MOOCs support inefficient learning…and that’s the point

With the shrill emphasis on standardized testing in K-12, some math educators are fighting back with innovative, hands-on learning for their students. Instead of providing equations for, say, calculating the hypotenuse of a bunch of right triangles with different base lengths, they have their students start with the object under consideration. Perhaps students measure a couple of triangles and talk about what they’ve found. Opponents to these constructivist methods scoff at the idea that students are supposed to “discover Pythagoras’ theorem on their own” by performing tests and measurements that will lead them to the same conclusion. As some of the criticisms of the Khan Academy note, efficiency of instruction does not necessarily lead to student learning. In fact, that efficiency may only promote the rote learning for tests that’s too prevalent.

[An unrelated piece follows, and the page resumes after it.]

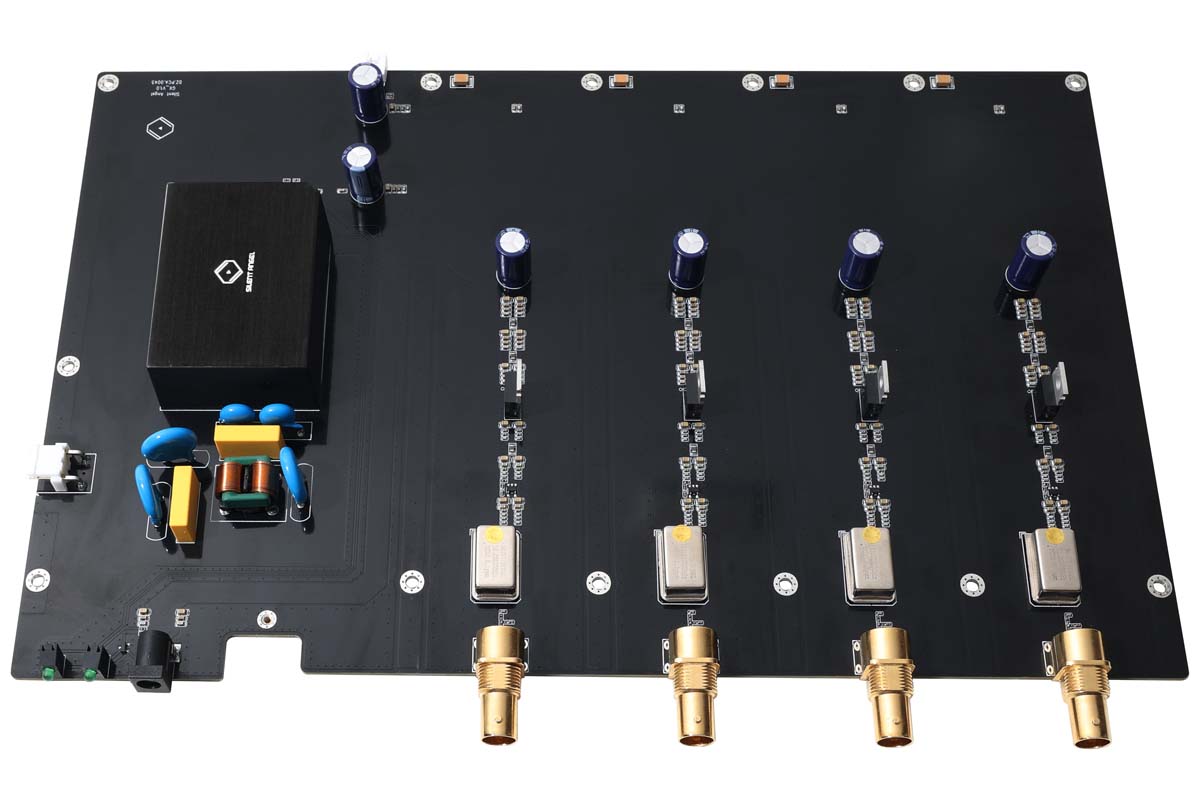 Dass die Qualität einer digitalen Übertragung von Audiodaten mit der Präzision der Wordclock steht und fällt ist inzwischen allgemein Konsens, aber kaum ein Hersteller bietet ein akkurateres Taktgefühl als Silent Angel mit der Genesis GX: Während bisherige Konzepte auf einer 10 Megahertz Taktung beruhten, die ursprünglich für GPS-Systeme entwickelt worden war, fußt Genesis GX auf TXCO-Chips mit einer Taktung von überragenden 10- und 25 Megahertz, wie sie auch für anspruchsvollste wissenschaftliche Mess-Aufgaben zum Einsatz kommt. Dabei bietet Genesis GX nicht weniger als vier unabhängige Wordclock-Ausgänge, von denen zwei als 25 Megahertz-Varianten ideal zum Zusammenspiel mit High End Geräten wie dem Bonn NX Switch geeignet sind. Außerdem lassen sich an den beiden anderen Ausgängen 10-Megahertz-kompatible Geräte anschließen.

I started thinking about this in the context of my last online course, run by George Siemens and Stephen Downes, which was a MOOC: a massive, open online course that in the past has literally registered more than one thousand students in one course. At first, I was irritated with the overwhelming amount of materials I had to go find: although the course started from a few readings each week, the point of the course was to find the blogs, posts, and tweets of other members as well as other materials around the same subjects. In this last iteration of the Connectivism and Connected Knowledge course, Siemens and Downes experimented with a decentralized structure. What this meant was that there was no “learning management system” in which assignments and grades were posted, readings were collected and housed, and discussions were threaded, nested, and archived. Instead, the content was aggregated with gRSShopper (a Downes’ invention) and then housed in people’s blogs, a Facebook group, Diigo, and other online applications.

It took a while to get used to, I’ll admit. And I was often frustrated at the lack of a sort of ongoing, regular discussion base that I had in graduate school, where each week you picked up where you left off the week before and you could see the knowledge growing in your community because somehow it was more contained, physically, in one small college town—it was a bit more visceral. In addition, because I am hyperstudent, I never felt in CCK11 like I had quite done enough, had read enough in the tucked-away blogs of my colleagues and related materials I tried to find on my own. My Moocolleagues (neologism alert!) also seemed more connected to each other and to other networks of learners, whereas I’m on my own in rural Ohio. By the end of the course, I felt a bit weary, and I was looking forward to my next course, more traditionally organized, housed in a learning management system, and holding only about 20 students. Its potential was more restful.

But now a funny thing’s happened: I miss CCK11. Although many times I felt disconnected and frustrated, I paradoxically felt more engaged then. I did more work, so I got more out of it, even though it was hard and sometimes tiresome.  Using connectivism as both its subject matter and its structure, the experience yanked me out of a comfortable identity called “student” and put me in some other role that I still don’t have a name for. It’s stuck with me, in other words, and I’m not the same—and isn’t that what learning is?

And learning is or should be inefficient. It’s when you struggle to make a WordPress widget work the way you want to (see www.dandydogohio.com’s slideshow for what cause me an hour’s annoyance) that you gain more understanding about PHP rather than just reading the For Dummies guide and following along. The fact is, my arrogant brain sometimes thinks that internalizing information is enough for me, as though if I read a Honda Repair Manual I could build a Civic in the backyard. That hands-on learning I advocate when it comes to K12 and postsecondary education?—yeah, I need it, too. Reading about something isn’t the same as learning: learning should be messy and should contain some moments you just want to go hire someone to do it for you. Reading about connectivism’s belief that learning is a network phenomenon is one thing; trying to form, navigate, traverse, talk about, and reflect upon the network while you’re swimming around in it is another (this may be connected to Siemens’ discussion of internalization/externalization).

Now I’ve signed up for two more MOOCs: one, called EduMOOC, starts next week through the University of Illinois, and the other will be “the mother of all MOOCs” from our friends Downes and Siemens with the addition of Dave Cormier (who makes the great MOOC videos). I’m bound to be, at times, really frustrated and uncertain. I might even gripe. I bet I learn.

Update 6/27: Dave Cormier’s blog post on MOOCs as ecologies.

4 thoughts on “MOOCs support inefficient learning…and that’s the point

  1. […] in her MOOC support inefficient learning and that’s the point highlights her feelings about MOOC, where overwhelming information and connections could be […]

  2. Love the title of your blog and your moocolleagues neologism. Thanks for relating your prior experiences in MOOCs. 🙂

  3. learn231 says:

    I could not agree more. I miss CCK11 as well. I have always had a strong belief that learning should be messy and should push you to “get involved”. I have not been brave enough [yet] to sign up for another MOOC…next year.

    Stu

  4. Sally Pardue says:

    Thanks for the reflections and sharing your frustration in navigating what you want and expect from a “learning” environment while dealing with what we need to remember our students deal with when faced with instructors who are removing the scaffolding that they are so comfortable with and unsure of how to build on their own.